3 The People charged Valcillo with two crimes: (1) forcibly committing a lewd act upon child (§ 288, subd. (b)(1)); and (2) attempted willful, deliberate, and premeditated murder (§§ 187, subd. (a), 664). The People alleged with respect to count 1 that the following circumstances in section 667.61 applied: the victim was a child under 14 years of age and the defendant inflicted great bodily injury (§ 667.61 subds. (d)(6), (j)(1)); the victim was a child under 14 years of age and the defendant committed the substantive offense during a burglary (§ 667.61 subds. (e)(2), (j)(2)); and the victim was a child under 14 years of age and the defendant used a deadly weapon (§ 667.61 subds. (e)(3), (j)(2)). The People alleged with respect to count 2 that Valcillo personally inflicted great bodily injury within the meaning of section 12022.7, subdivision (a), and personally used a deadly and dangerous weapon within the meaning of section 1192.7, subdivision (c)(23).

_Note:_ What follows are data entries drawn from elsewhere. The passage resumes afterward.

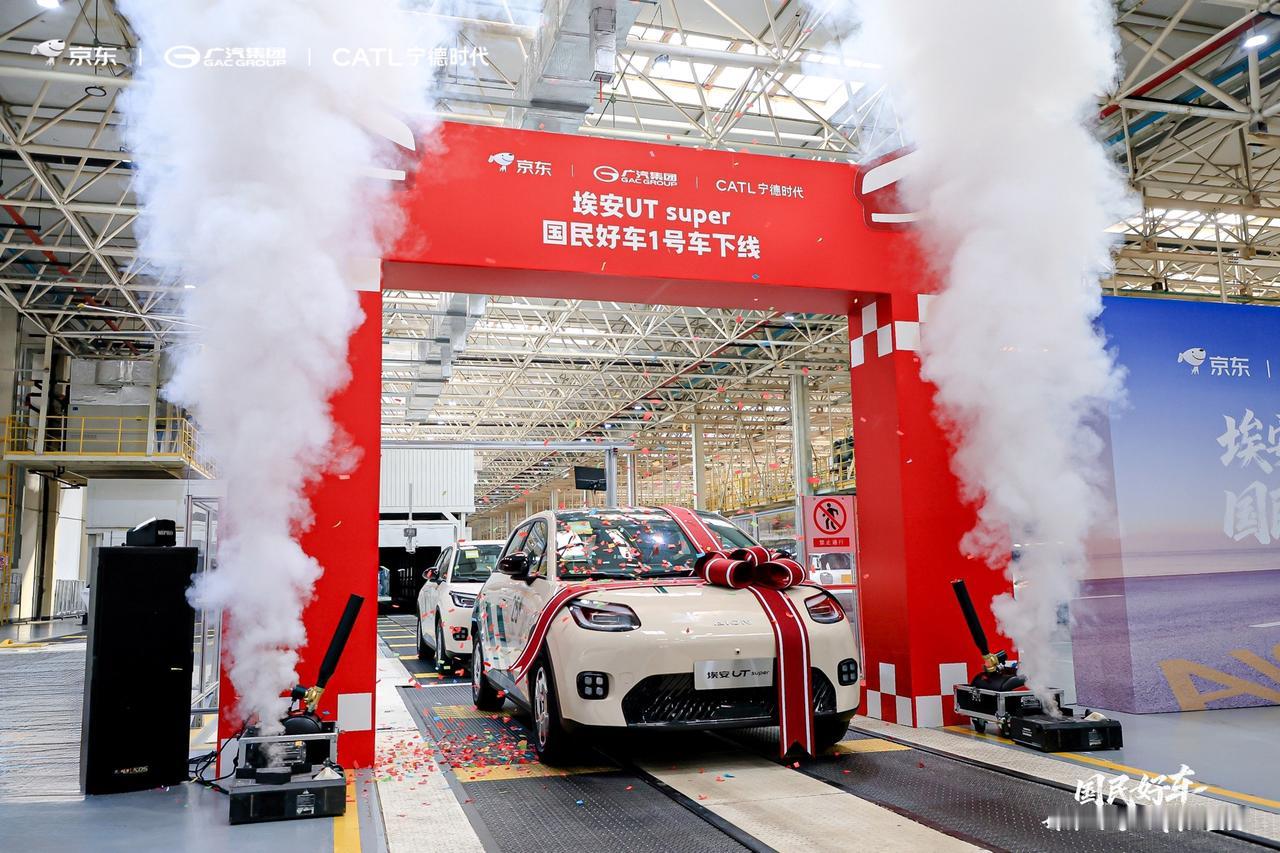 “国民好车”埃安UT super 1号车正式下线! 埃安UT super不仅是京东、广汽集团与宁德时代三方协同推出的一款“国民好车”,更是三方携手对新能源汽车产业从用户洞察,到车辆研发、制造,再到车辆交付、补能、售后的全链条重构,为广大用户带来了全新的新能源汽车消费体验。作为“国民好车 好车不贵”理念的倡导者,京东不仅以采销的专业眼光严选车型与产业链伙伴,更凭借全链路生态服务能力,为消费者提供超越车辆本身的一站式体验。埃安UT super将于11月9日正式发布,目前在京东搜索“国民好车”已可预约订购,并享受E卡补贴、免费洗车等权益。
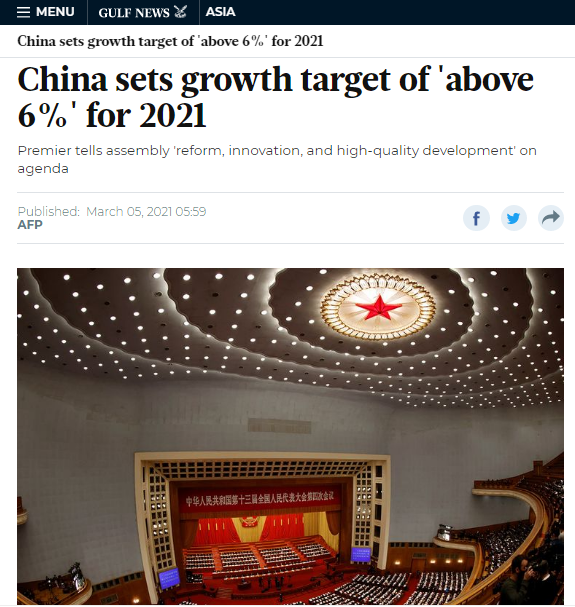 当地时间3月5日,阿联酋发行量居首位的英文报纸《海湾新闻》发表题为《中国为2021年设定经济增长目标为6%以上》的文章,对今年政府工作报告进行了关注。
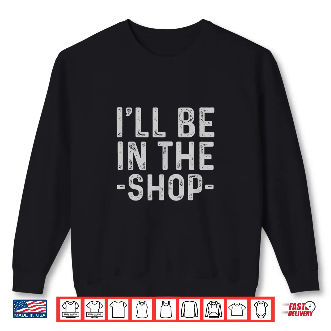 Mens I’Ll Be In The Shop Mechanic Dad Joke Funny Handyman Grandpa Shirt

At trial, the court instructed the jury with CALCRIM No. 301, which provides that the testimony of only one witness can prove any fact. The trial court did not give the bracketed portion of the instruction, which says, “[Except for the testimony of _______ , which requires supporting evidence [if you decide (he/she) is an accomplice],] . . . .”2 (CALCRIM No. 301.) Valcillo did not object to the omission or ask the court to read the bracketed portion of the instruction. The guilty verdict form for count 1 required the jury to find Valcillo “guilty of the crime of forcible lewd act upon a child, to wit, Alondra, a child under the age of 14 years . . . .” (Emphasis omitted.) The guilty verdict form also asked the jury to find true or not true the allegations that Valcillo (1) “personally inflicted great bodily injury on the victim,” (2) “personally used a dangerous or deadly weapon,” and (3) committed the offense “during the commission of a burglary.” The verdict form did not ask the jury to find true or not true a separate allegation that Alondra was under the age of 14.

2 The bench notes for CALCRIM No. 301 state, “Insert the bracketed language if the testimony of an accomplice or other witness requires corroboration.”

4 This omission was not the result of inadvertence or oversight. Counsel for Valcillo stipulated that the guilty verdict form for count 1, which already required the jury to find Alondra was under the age of 14 in order to convict him of forcibly committing a lewd act upon a child, did not need to ask the jury a separate question whether the allegation Alonda was under the age of 14 was true. “Mr.